Don't despair John, it's looking great.

Take a break on a smaller kit and get back to this one when it's appealing again!

My 2 cents for free!
Parts Pit Mike


----------



## John P (Sep 1, 1999)

Yay! Somebody looked at my post! :lol:


----------



## Brent Gair (Jun 26, 1999)

John, I ALWAYS read your posts. But, as I've said before, there isn't a whole lot to say because you always do an incredible job and I've come to expect that. That's the price you pay for being a top notch modeler.

Now, if you were a crappy model builder and you were posting pictures that showed you were getting better, I'd likely post words of encouragement .


----------



## Steve244 (Jul 22, 2001)

I'm dismayed to see he's working from instructions. What kinda attitude is that?

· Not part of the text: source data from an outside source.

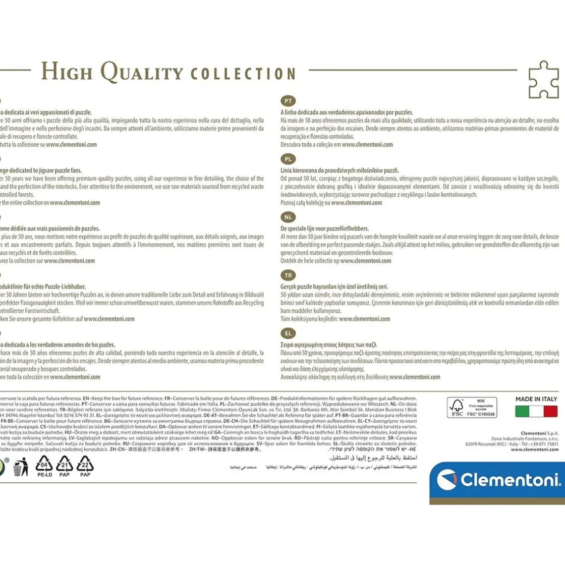 Fabricado en Italia por Clementoni, una empresa reconocida por su calidad, este puzzle cuenta con cortes precisos que garantizan un perfecto encaje de cada pieza. Confía en la experiencia y la destreza que ofrece Clementoni.
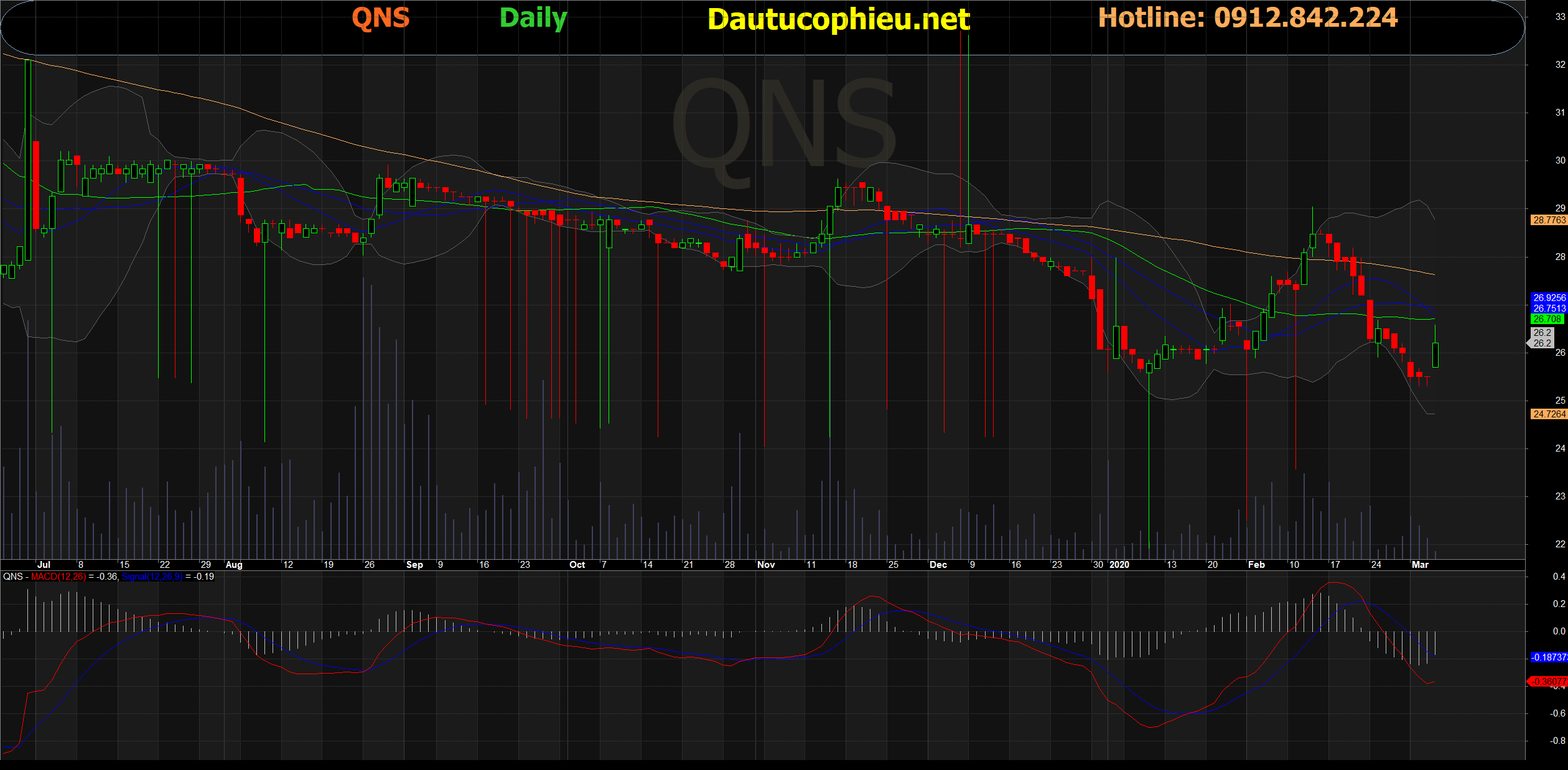 Đồ thị cổ phiếu QNS phiên giao dịch ngày 05/03/2020. Nguồn: AmiBroker.
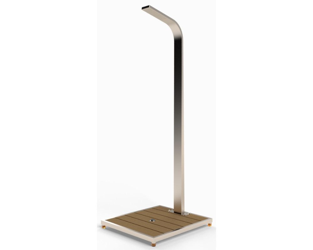 Erfrischung auf "Fußdruck", dazu ein schlichtes und edles Design - die Gartendusche Ibiza von Ideal Eichenwald erfrischt den Körper und das Auge. Die Besonderheit der Dusche Ibiza besteht darin, dass die Bedien Armatur im WPC Holz Rost der Bodenplatte verarbeitet wird. Mit dem einmaligen Drücken der Armatur starten Sie die Dusche, mit nochmaligem Drücken schalten Sie die Dusche ab.

edit: oh, and your tires are flat. Other than that it's coming along crackers! :thumbsup:


----------



## John P (Sep 1, 1999)

They're only flat on the bottom!


----------



## KUROK (Feb 2, 2004)

Beautiful work and interesting subject.


----------



## bert model maker (Feb 19, 2002)

i know what you mean john, i worked on my polar lights jupiter 2 and built and detailed both decks and worked on and off for almost 3 years. I had to take breaks from it. i built the invaders ufo during one of these breaks. and when you get back to the model, you are refreshed and do better work on it.


----------